#### TASK ITEM
For the entries that follow, set down each one exactly and drop any pictures.

(Items from a dataset)
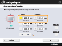 Voer op het scherm <Vervor. corrig. (Trapezoïde)> "250,0" in voor <c> voor zowel de voor- als achterzijde.
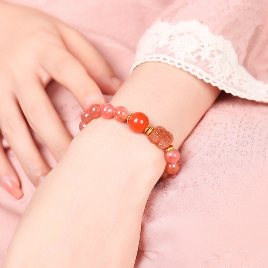 【賜花喜緣】桃花紅紋石手鏈女桃之夭夭心動粉澳寶手串
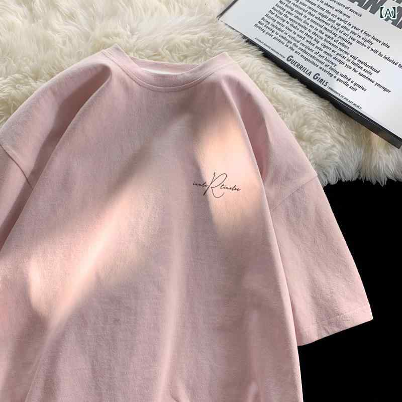 メンズ ストリート シャツ ピンクの 綿 半袖 Tシャツ メンズ 夏の ファッション 300 g 重い ゆったり 2025
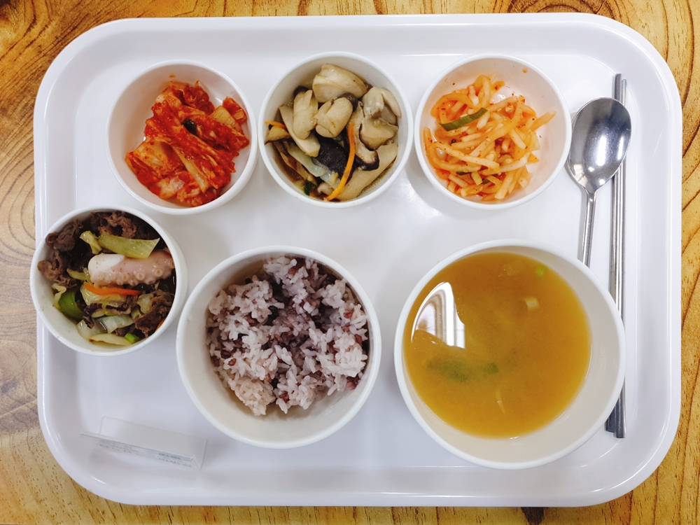 7월 25일 중식은 < 백미밥(죽/잡곡밥) / 팽이미소된장국 / 불낙덮밥 / 표고버섯미니송이굴소스볶음 / 무생채 / 김치 > 였습니다.
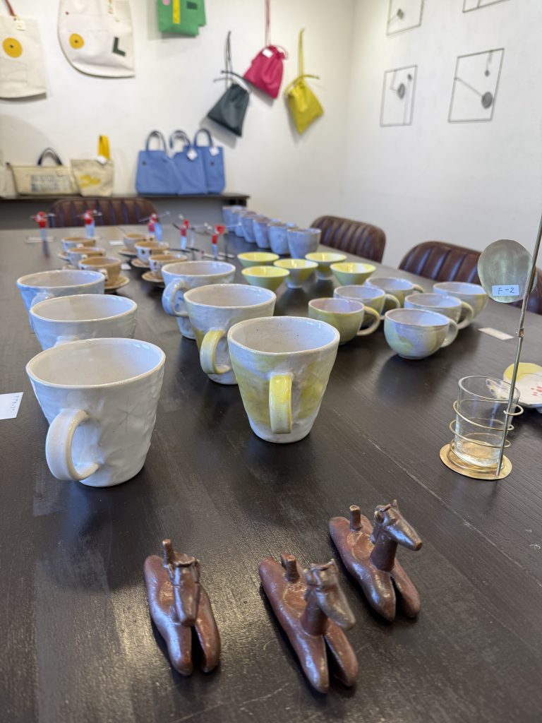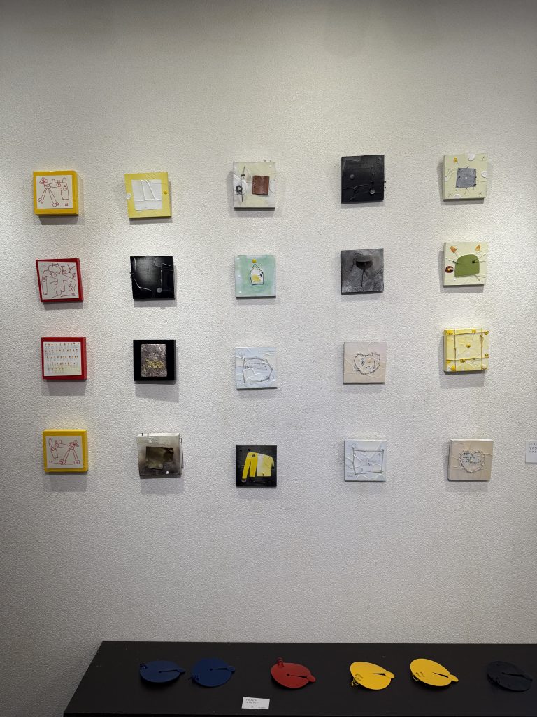 陶器、鉄彫、ガリ版版画、バッグ、アクセサリー。楽しい、面白い展覧会です。
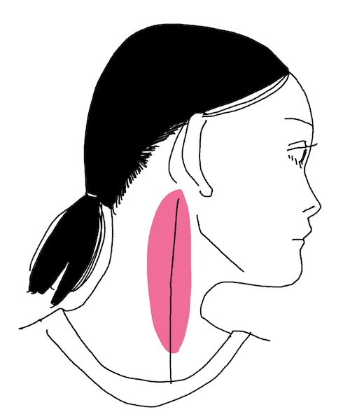胸鎖乳突筋とは、首の側面にある大きな筋肉で、顔を動かしたり首を回したりする時に使われる重要な筋肉です。ここが凝っていることで顔がたるみ、フェイスラインがぼやけてしまうので、しっかりケアするのが大切なのだとか。

#### SOLUTION TO THIS PROBLEM
 Voer op het scherm <Vervor. corrig. (Trapezoïde)> "250,0" in voor <c> voor zowel de voor- als achterzijde.
 【賜花喜緣】桃花紅紋石手鏈女桃之夭夭心動粉澳寶手串
 メンズ ストリート シャツ ピンクの 綿 半袖 Tシャツ メンズ 夏の ファッション 300 g 重い ゆったり 2025
 7월 25일 중식은 < 백미밥(죽/잡곡밥) / 팽이미소된장국 / 불낙덮밥 / 표고버섯미니송이굴소스볶음 / 무생채 / 김치 > 였습니다.
 陶器、鉄彫、ガリ版版画、バッグ、アクセサリー。楽しい、面白い展覧会です。
胸鎖乳突筋とは、首の側面にある大きな筋肉で、顔を動かしたり首を回したりする時に使われる重要な筋肉です。ここが凝っていることで顔がたるみ、フェイスラインがぼやけてしまうので、しっかりケアするのが大切なのだとか。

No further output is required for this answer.